Duke-NUS Medical School researchers have recently worked and developed stem cell therapy treatment for heart failure and it has shown promising results in preclinical trials. After the cells transplanted into an injured heart, they can easily repair damaged tissue and unlock the way to improve heart function. Dr Lynn Yap, assistant professor at Lee Kong Chian School of Medicine, Nanyang Technological University, Singapore and first author of the study said “As early as four weeks after the injection, there was rapid engraftment, which means the body is accepting the transplanted stem cells. We also observed the growth of new heart tissue and an increase in functional development, suggesting that our protocol has the potential to be developed into an effective and safe means for cell therapy.”

In the study of Duke-NUS, they have used a unique new protocol where pluripotent stem cells were cultivated in the laboratory for the purpose to grow into heart muscle precursor cells. These cardiomyocyte progenitors help in developing into various types of heart cells via cell differentiation in which dividing cells gain specialized functions. At the time of preclinical trials, the precursor cells were injected into the area of the heart that has been damaged by myocardial infarction, this enable them to grow into new heart muscle cells, restoring damaged tissue and improving heart function.

This research even conducted by other groups earlier and has failed to encourage- the transplantation of heart muscle cells that were already beating, bringing about fatal side effects, causing ventricular arrhythmia, a sequence of abnormal heartbeats that can limit or stop the heart from supplying blood to the body. Duke-NUS researcher’s only motive was to avoid this outcome and they transplanted non-beating heart cells into the damaged heart. After the process of transplantation, such cells expanded and acquired the rhythm of the rest of the heart.

By following this new procedure, the incidence of arrhythmia was cut by half. After they caught the conditions, there were many episodes that were temporarily resolved themselves on their own in around 30 days. Moreover, these transplanted cells did not trigger tumour formation. It is another prevalent concern when it comes to stem cell therapies.

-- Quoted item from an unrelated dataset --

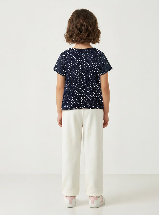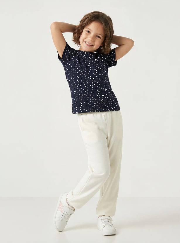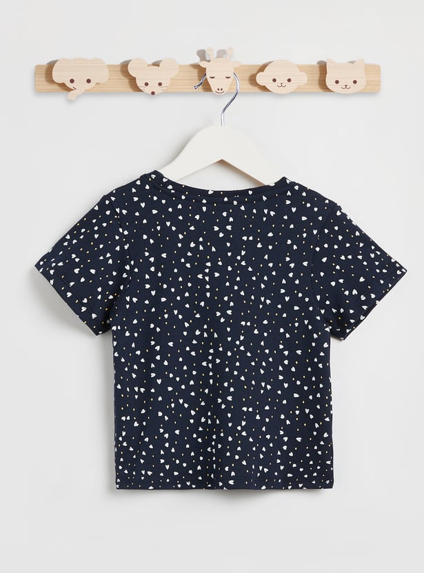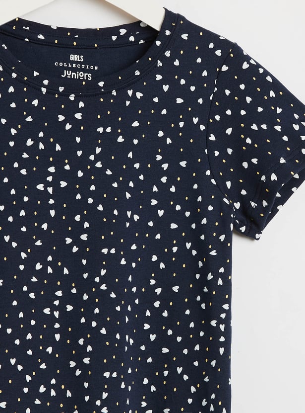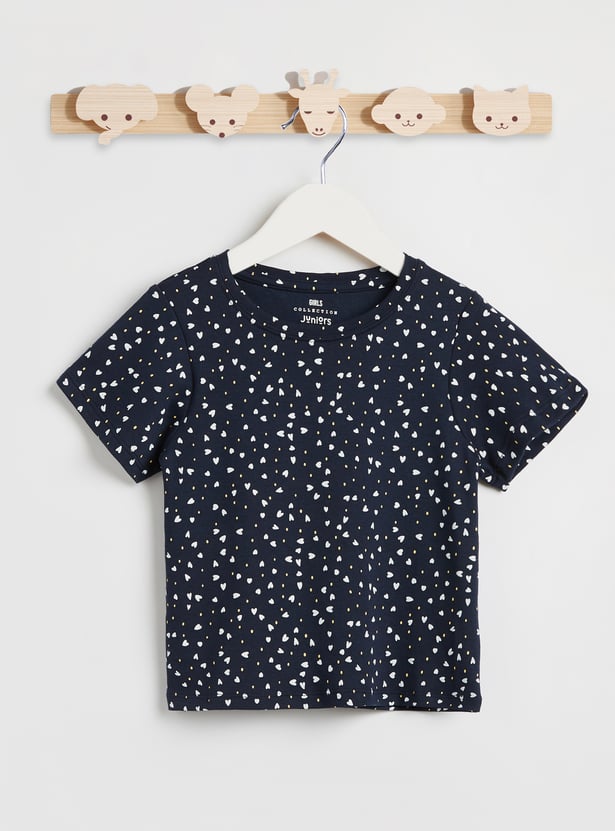This t-shirt combines playful charm with everyday comfort. Featuring a vibrant heart print, this t-shirt adds a fun touch to your daughter's wardrobe. Designed with short sleeves and a classic round neck, it offers a relaxed feel that ensures all-day comfort. Made from soft, breathable fabric, this t-shirt is perfect for casual outings. Ideal for young girls, this t-shirt is a delightful addition to their casual wear collection.

Professor Karl Tryggvason from Duke-NUS’ CVMD Programme and is also the senior author of the study said, “Our technology brings us a step closer to offering a new treatment for heart failure patients, who would otherwise live with diseased hearts and have slim chances of recovery. It will also have a major impact in the field of regenerative cardiology, by offering a tried-and-tested protocol that can restore damaged heart muscles while reducing the risk of adverse side effects.” He is also the Tanoto Foundation Professor in Diabetes Research and currently leading other studies to adapt this regenerative medicine method for patients with diabetes problems, macular degeneration in the eyes and those needing skin grafts.

All these studies are a controllable, stable and reproducible method that can assist the right cells for transplantation using laminins. It exists in different forms and also it depends on the environment and will help in directing the development of specific tissue cell types. The stem cells were differentiated into heart muscle cells by growing them on the type of laminin found in abundance in the heart.

Associate Professor Enrico Petretto, co-author of the study and Director of the Centre for Computational Biology at Duke-NUS said, “To ensure patient safety, it is imperative that cell-based therapies show consistent efficacy and reproducible results. By extensive molecular and gene expression analyses, we demonstrated that our laminin-based protocol for generating functional cells to treat heart disease is highly reproducible.”

This technology has been licensed to Swedish biotech startup Alder Therapeutics earlier and the top goal is to promote the development of cell-based regenerative cardiology. By taking the support of laminin LN-221, it will be beneficial for the team to generate cardiomyocyte progenitors from human embryonic stem cells in 9 to 11 days and is also safer therapy for the regeneration of human heart muscle.